Диана Удовиченко - Южная пристань
Давайте выпьем. Никогда не пил медицинский спирт…
Но и спирт выпить не удалось — прибежал еще один пациент с симптомами «змеиной болезни», — трясущийся, зареванный, бледный
Никодим. Благодаря этой бледности был заметен чёткий змеиный узор на руках, лице и шее. Пришлось успокаивать перепуганного ребенка:
Прасковья придет, врача приведет. Затем пришел чиновник из канцелярии, спросил, не переступая порога:
— Доктор Арбузиков, в городе эпидемия?
— Да, — твердо ответил тот.
Чиновник испуганно выдохнул, уточнил дрогнувшим голосом:
— Его превосходительству придется объявить карантин? Запретить выход в море?
— Это будет верное решение. Нельзя допустить, чтобы эпидемия распространилась по Империи. — Он решительно закрыл дверь.
Истров спросил:
— Откуда они знают?
— Южная Пристань — маленький город.
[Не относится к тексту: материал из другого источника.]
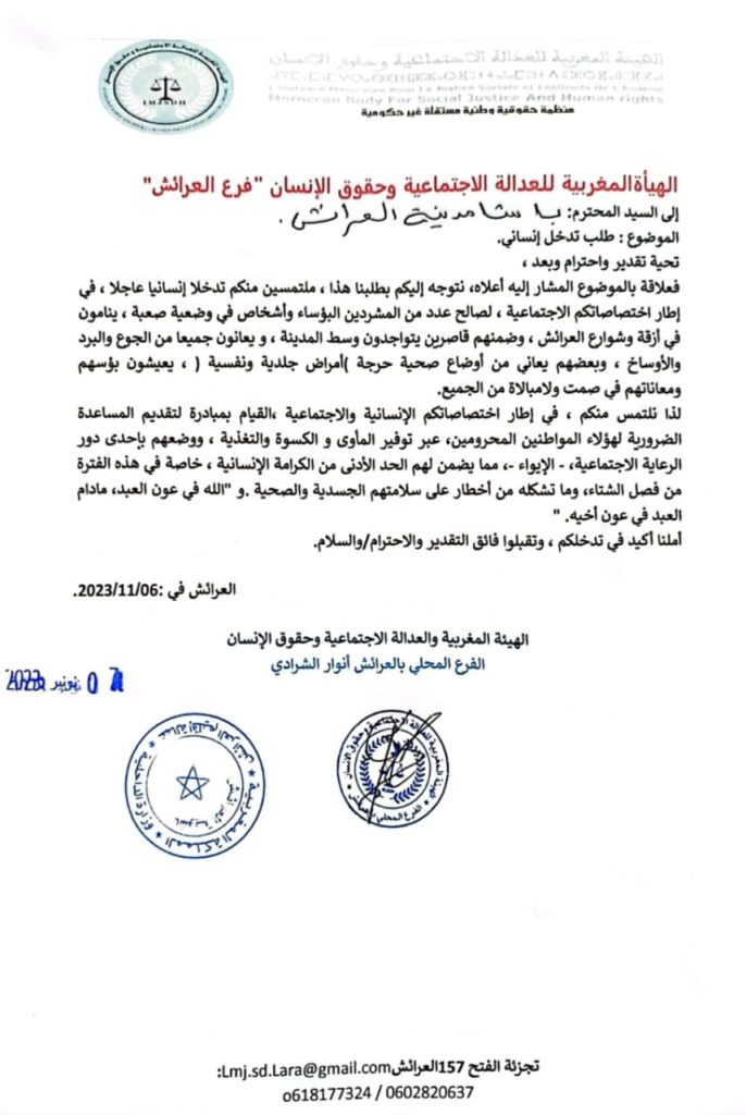 وتأسيسا لما سبق ذكره ، التمست الهيأة الحقوقية بالعرائش من الجهات المعنية والسلطات ،بالتدخل الإنساني العاجل ، وفق اختصاصاتهم الاجتماعية ، لصالح عدد من المشردين البؤساء واشخاص في وضعية صعبة ، ينامون في أزقة و شوارع العرائش ، ضمنهم قاصرين يتواجدون وسط المدينة ، ويعانون من البرد والأوساخ ، وبعضهم يعاني من أوضاع صحية حرجة (أمراض جلدية ونفسية) ، يعيشون بؤسهم ومعاناتهم في صمت ولا مبالاة من الجميع ، بل تخلت عنهم بعض الجمعيات التي كانت تنشط في مجال الخرجات الليلة الخيرية للتخفيف المعاناة عليهم ).
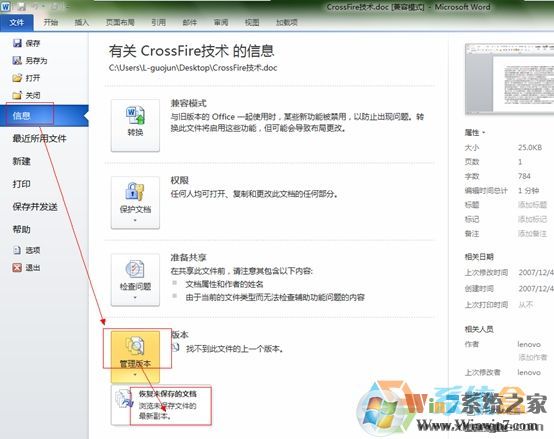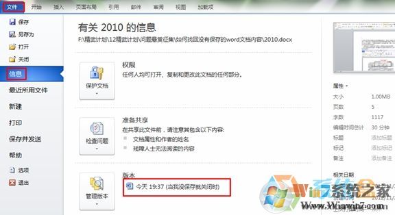 2、单击:文件--信息--找到右边“版本”如下图的一个文件版本,单击这个版本即可,按照图示操作即可: 点击未保存的文档即可恢复文档。

Давайте все же выпьем.
И лавочника пригласим.
Но им снова помешали — едва доктор выставил на стол бутыль, как заскрипела дверь, и послышался голос Прасковьи:
— Ох, страсти, ох и страсти!
Доктор буквально подскочил, крикнул в коридор:
— Ты нашла врача?!
— Не, не нашла. Я врачиху нашла. Аж двух! Вот эту и еще одну, она потом придеть.
Вместе с Прасковьей в приемную вошла уже виденная Истровым женщина с иглами на ушах и камнем на щеке.
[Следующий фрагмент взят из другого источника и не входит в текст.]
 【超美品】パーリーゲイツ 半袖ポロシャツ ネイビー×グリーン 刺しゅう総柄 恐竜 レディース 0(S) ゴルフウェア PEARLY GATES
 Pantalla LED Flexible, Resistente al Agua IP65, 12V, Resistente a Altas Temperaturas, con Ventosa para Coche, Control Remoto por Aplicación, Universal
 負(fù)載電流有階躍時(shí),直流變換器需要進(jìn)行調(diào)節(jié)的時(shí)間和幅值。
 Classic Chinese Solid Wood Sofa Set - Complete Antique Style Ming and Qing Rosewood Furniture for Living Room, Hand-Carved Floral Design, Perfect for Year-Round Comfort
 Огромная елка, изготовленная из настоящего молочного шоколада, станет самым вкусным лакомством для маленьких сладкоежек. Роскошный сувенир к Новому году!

— Мазэнка! — обрадовался лавочник, а лицо доктора буквально полыхнуло надеждой. И появившийся в дверном проеме Никодим расплылся в улыбке. Очевидно, мазэнцы — лучшие врачи в мире… во всех мирах.
Нежным мелодичным голосом иномирянка обратилась к Арбузикову:
— Это вы больны?
— И я тоже…
— Вы слишком возбуждены, вам нужно успокоиться, — доброжелательно произнесла женщина.
— Ну так успокойте меня!
— Но вы действительно напрасно волнуетесь, ваша болезнь незаразна и неопасна, достаточно проявлять сдержанность в еде, отказаться от жирной и острой пищи, крепких напитков, — и ваши желудок и печень восстановятся.
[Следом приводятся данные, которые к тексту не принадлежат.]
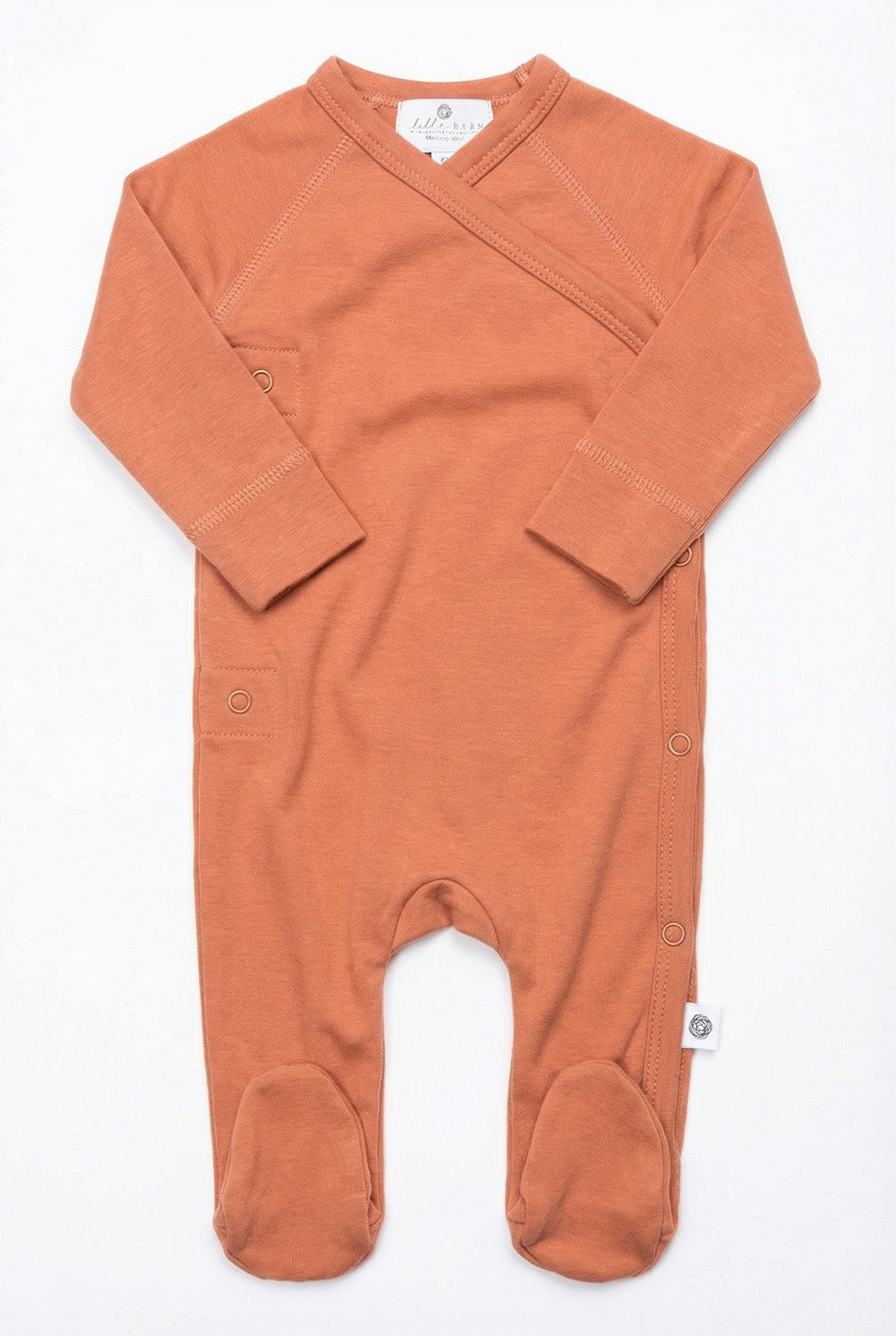 Baby-Strampler mit Füßen aus Merinowolle – Korallengold
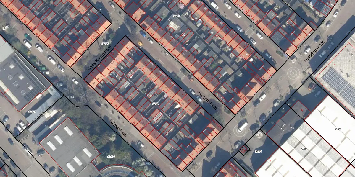 Het perceel waarop Piersonstraat 7 staat heeft een oppervlakte van 2621 m². Dit is een zeer groot perceel. De perceeloppervlakte wordt geregistreerd door het Kadaster. Gedetailleerde informatie over de maten van dit perceel kunt u vinden in het rapport Kadastrale kaart met maatvoering van Piersonstraat 7.
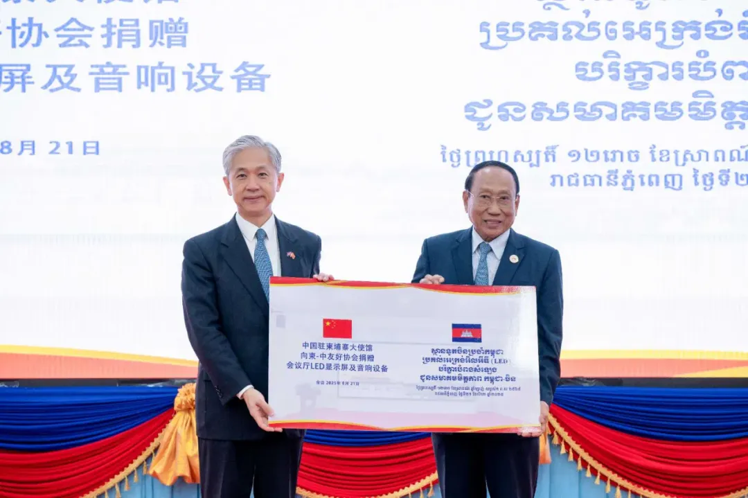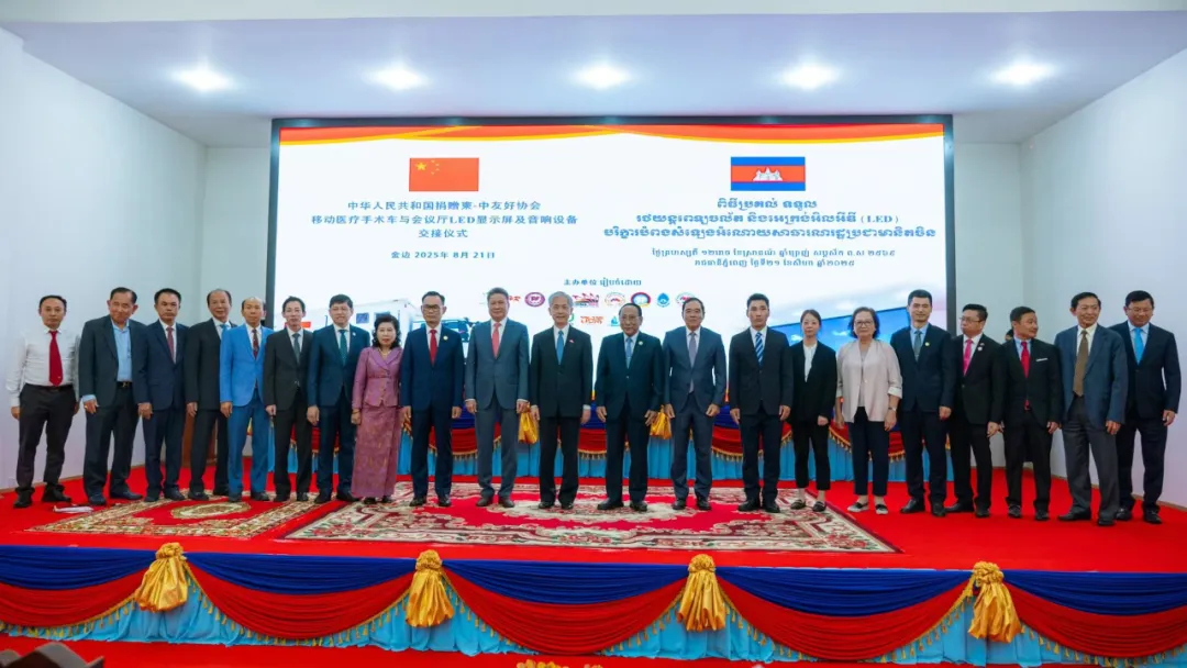 8月21日,中国驻柬使馆和北京平澜公益基金会向柬中友协同时交接捐赠的LED屏幕、音响设备及移动医疗手术车。驻柬大使汪文斌、柬中友好协会主席艾森沃、柬副首相孙占托、国务大臣李突以及中柬友好人士约100人出席交接仪式。

— Это я и сам знаю! А как же узоры?!
— Узоры? Какие узоры?
Доктор задрал рубашку — змеиная расцветка была видна отчетливо.
Впрочем, она была видна уже и на лице.
— Я не вижу узоров, — сказала мазэнка. — Вероятно, дело в том, что мы видим по-разному.
— Ага! — подтвердил Никодим. — Мазэнцы, оне черных ворон серыми видят, а чаек — так и желтыми даж!
Мазэнка спросила:
— Вы не будете против, если я посмотрю на вашу кожу внимательно?
— Нет, конечно!
Чтобы посмотреть внимательно, иномирянка закрыла глаза. И сообщила:
— На вашей коже присутствует некий необычный микроорганизм.
Очень жизнеспособный, но совершенно безопасный. Не опаснее нанесенной на кожу краски.
— И все?! Тогда почему разляляjец впал в летаргию?
— Кто такой разляляjйец?
На ходу заправляясь, Арбузиков повел ее к разляляjйцу, Истров пошел за ними, а лавочник остался сидеть с глуповатой улыбкой на лице. Истрову тоже хотелось счастливо рассмеяться: зря волновался!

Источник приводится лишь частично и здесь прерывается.